One finding that some might find shocking is that this form of warfare was common from the 1600s to the twentieth century on all continents and societies and was not the exclusive domain of European settler societies. Indigenous groups used against one another and the European invaders. Moreover, Europeans utilized environcide against each other, even during civil wars, as much as they did against peoples in Africa, the Americas, and Asia.
Another point he makes is that there is an element of human agency in the spread of disease. Smallpox, for example, did not kill so many millions of indigenous Americans solely because it entered a virgin environment. Instead, he contends, germs found susceptible hosts made more vulnerable to death from the hunger, violence, forced migration, and physical and emotional trauma caused by environcidal warfare and the destruction of environmental infrastructure.
Professor Emmanuel Kreike presents us with a must read for anyone interested in how changes in the environment impact human societies. While focusing in his research on how the human conduct of war has directly affected past populations and their environment, especially when military forces directly target that populations agricultural lands and infrastructure. The findings from his historical studies are equally of interest to anyone studying how human populations may be affected by dramatic future climate change.
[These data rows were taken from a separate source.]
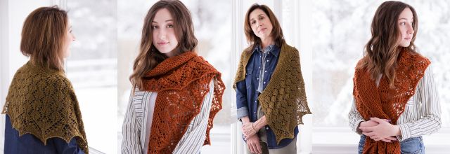 Вязаная шаль из двух мотков пряжи Loft или вязаный узкий шарф в форме полумесяца из 4 мотков пряжи Shelter, выполнены по одному искусному описанию. Оба варианта начинаются с наборного края от горловины и сегмента платочной вязкой, связанного укороченными рядами для придания изогнутой формы. Традиционный дизайн Эстонских листьев переходит в ажурные фестоны украшенные шишечками. Вязание этих мотивов более толстой пряжей придает им современный вид и приятную рустикальную текстуру. Выберите натуральный природный оттенок, чтобы подчеркнуть органические формы RAKKE.
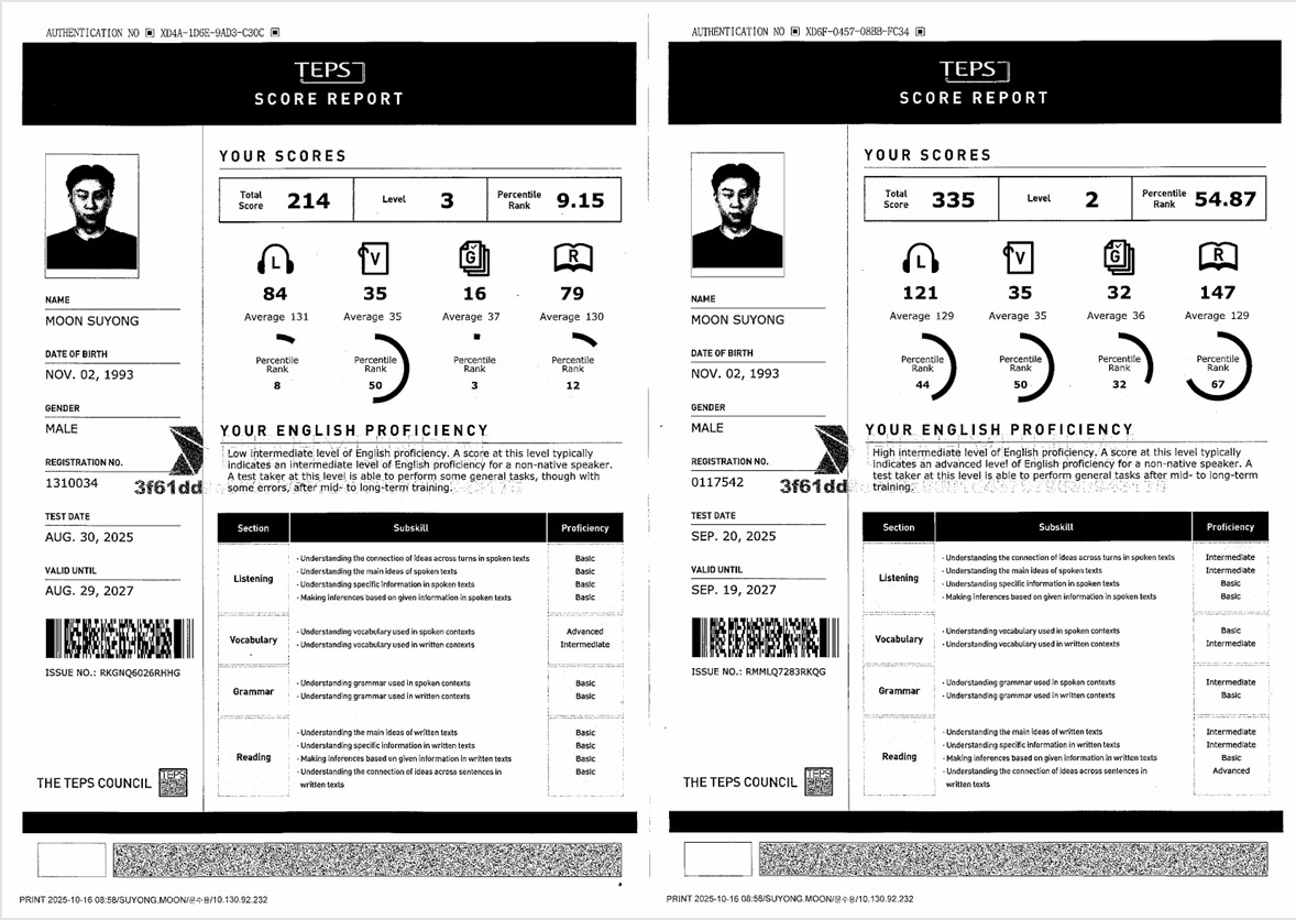 청해(240점) 어휘(60점) 문법(60점) 독해(240점) 총점(600점)
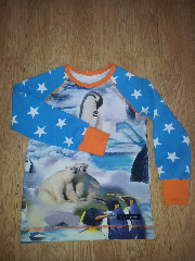 Fototrycket med pingviner och isbjörnar från Stoff och Stil gillar jag skarpt! Jag får nog ta och köpa en bit till av det om det kommer in igen. Får lite ångest när min bit bara blir mindre och mindre! Orange och turkos tyckte jag blev väldigt snyggt till!
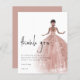 Rosa de Orçamento Dourado Cabelo Escuro Gown Quinceañera Obrigado. Um alternativo de 4,5 pol x 5,6 pol com preço inferior. Disponível em um STOCK DE CARTÃO SEMI GLOSS 110 lb, que é a opção padrão (recomendada para convites), OU um STOCK DE PAPEL THINNER SATIN FINISH 80 lb (ideal para gabinetes). Estilo de brilho para a sua obrigado de 15 com a vista de trás de uma menina de cabelos escuros num lindo vestido de ouro rosa à direita, e Quinceañera em um roteiro de estilo manuscrito. Personalize facilmente o resto do texto para seus próprios detalhes. Um plano de fundo rosa dourado de coordenação está do outro lado, que pode ser alterado para outra cor se você quiser, por meio de personalização adicional, assim como a cor do texto.
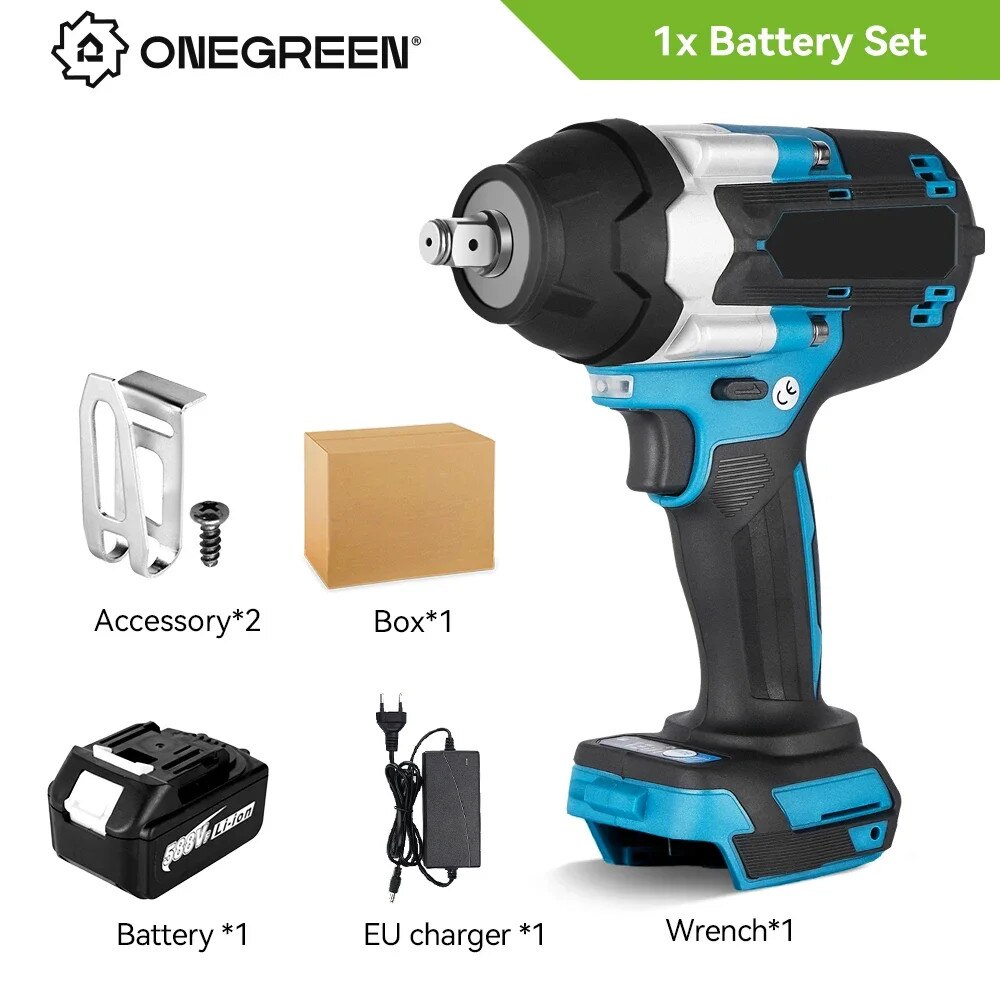 Cheie de impact electrica, 1800N.M, 7200 RPM, 1 acumulator, culoare albastra, set cu accesorii

The "case studies" include 16th and 17th Century Netherlands during the wars with Spain and Austria (and the Thirty Years War), the 16th Century Spanish conquests of Central and South America and their forays into North America, the expansion of European Settlers in North America, the 19th Century Dutch campaigns in the Indies, and the 19th Century colonial campaigns in Angola and Namibia by Portugal and Germany. Covering all of this material on just over 400 pages of text, supported by just under 100 pages of end notes, offers fair evidence that is a serious work. Fortunately, the author's prose is clear and easy to read even if the subject matter is not always the same. This is a must read for students of war and warfare as well as those interested in historical accounts of how populations responded to dramatic environmental change.
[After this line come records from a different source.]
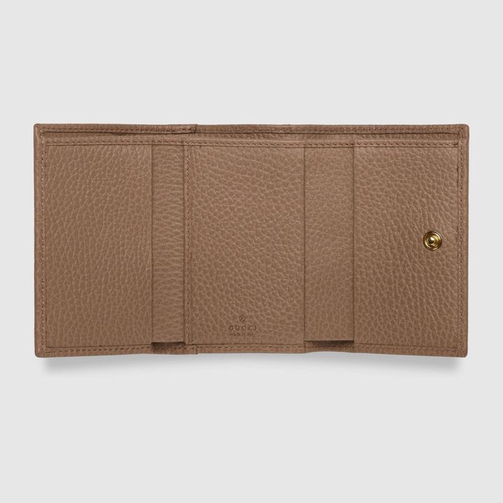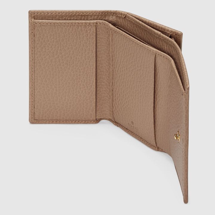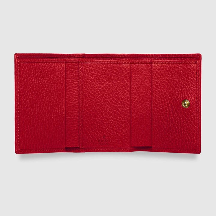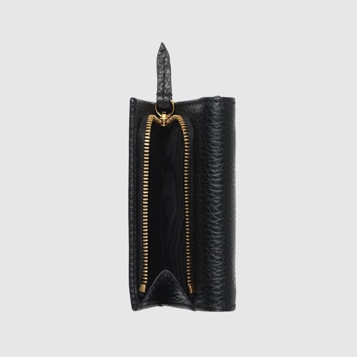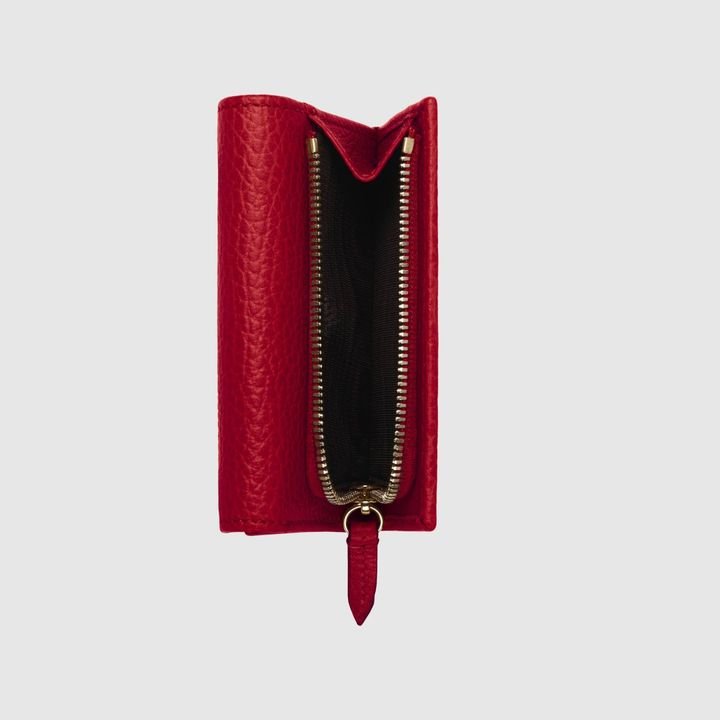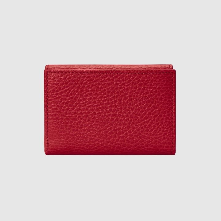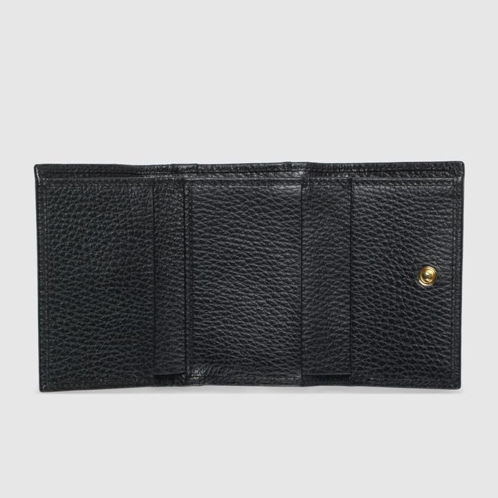 Crafted from leather, this medium-sized wallet is presented with a miniature version of the Double G. Taken from the ’70s archives, the hardware is a homage to the Founder of the House?Guccio GG
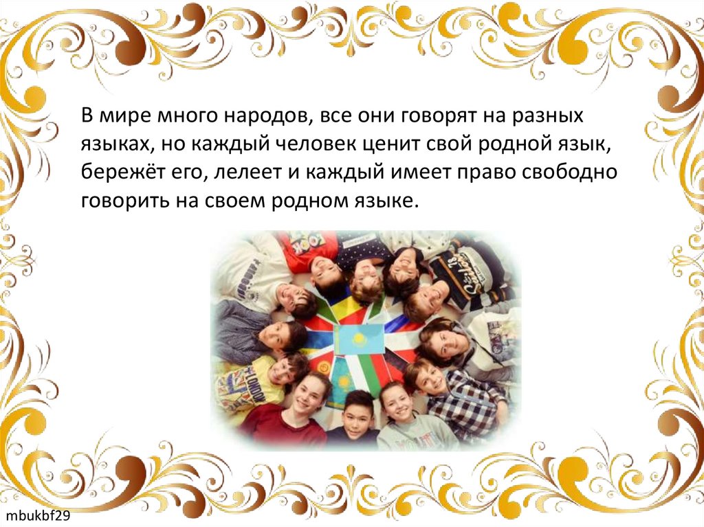 В мире много народов, все они говорят на разныхязыках, но каждый человек ценит свой родной язык,
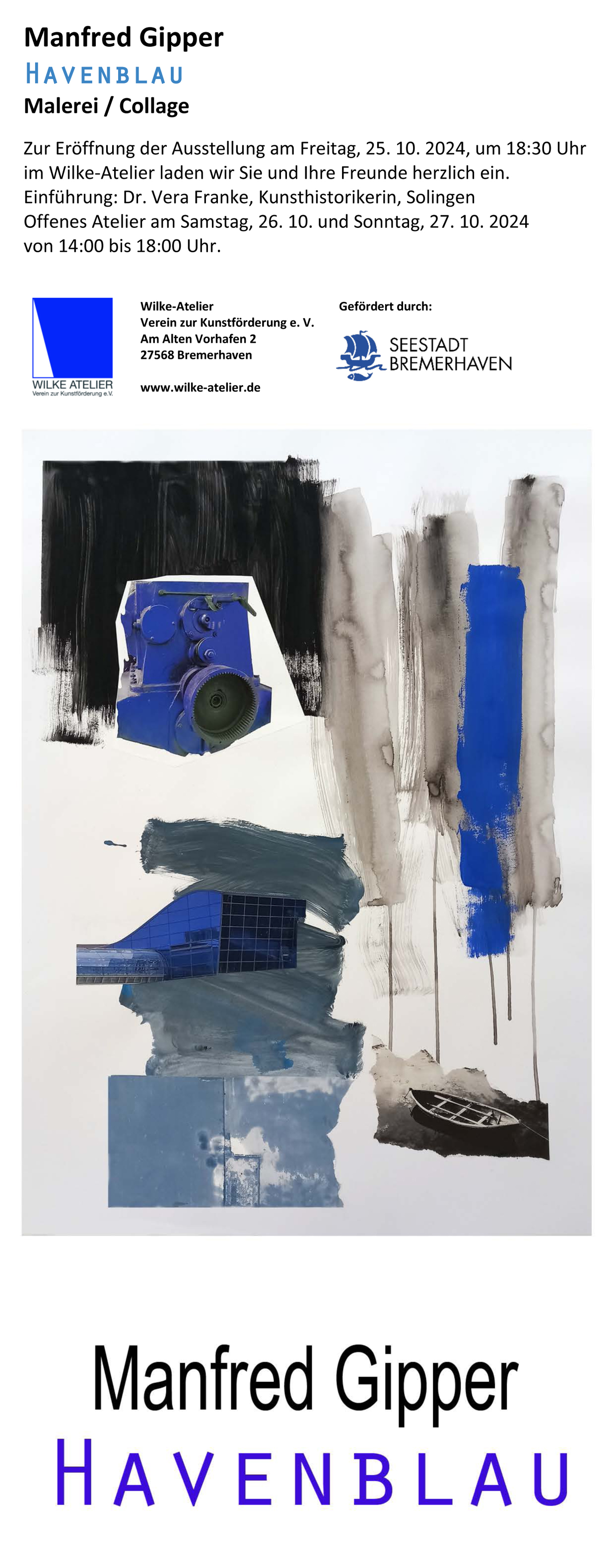 Oktober 2024: Aufenthaltsstipendium im Wilke-Atelier in Bremerhaven. Auf der Presse-Seite gibt es dazu ein Portrait von Anne Stürzer aus der Nordseezeitung. Eröffnung der Ausstellung HAVENBLAU am Freitag, 25. 10. 2024, im Wilke-Atelier. Einführung: Dr. Vera Franke, Kunsthistorikerin, Solingen Offenes Atelier am Samstag, 26.10. und Sonntag, 27.10.2024. Den Flyer dazu (PDF) können Sie hier herunterladen. - Siehe auch die neuen Collagen der Serie Havenblau!

“Even as the early 16th to early 20th century conquerors silenced their adversaries and displaced refugees in the americas, Europe, Asia and Africa, victims made history by refusing to be erased by environcide , ecocide, and even genocide. Their words and deeds testify to the resilience (and it’s limits) of the human and non-human shaped environmental infrastructure that sustains human societies and non-human communities, despite being prime target and instrument of war since at least the early 16th century. Environcidal was a total war that triggered famine, disease epidemics, massive population displacements,and the devastation of people's livelihoods and ways of life, and was as destructive to humanity as it was to nature. A crime.”